Women interviewed by CBC News at Jishuitan hospital who expected to give birth on Friday claimed they did not specifically choose that date, but felt it would be fortunate if they had their babies that day.
"We're having our baby in August. We feel very happy, because China is [staging] the Olympic Games," said pregnant mother Zhang Li.
Dialling up 8s
A surge in newborns might be the talk of the hospitals, but some of the 08-08-08 buzz in mobile-mad China has been around cellphone numbers.
Unlike in Canada, where most cellphone numbers are assigned with the phone, many people in China prefer to pay extra for a custom phone number.
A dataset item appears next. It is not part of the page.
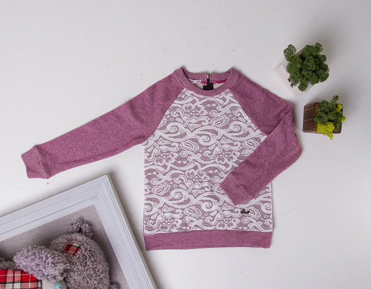 Трикотажная нарядная кофточка для девочки с кружевом Suzie. Лола кофта слива р.116

Cellphones can be bought for as little as $10 in Beijing, but a lucky phone number can ring you up more than $3,000. (The average income for urban workers in Beijing is around $5,500.)
These cellphone numbers, which many Chinese believe bring good fortune, were available for sale in Beijing. (Simon Dingley/CBC) A local man, Zhang Jianyun, reportedly paid $2,788 earlier this year for the cellphone number 2008-0808. And a cellphone with six consecutive eights reportedly sold for $6,750 last year in eastern China.
along "Cellphone Street," a strip of Beijing stores offering the latest Samsungs and Nokias, buying a mobile has become much more complicated these days, said cellphone clerk Jin Ying.
"The last four numbers of a cellphone are the most important," Jin said.
You have to negotiate the price of the luckiest numbers with the store, which has hundreds of phone numbers for sale, all catalogued in books. Numbers ending in 6888 and 1888 would set you back more than $3,000.
You can also take your chances at getting a lucky number from an automated machine at the state-run China Mobile chain.
But try for 2008 and you're out of luck. It's been sold out for months.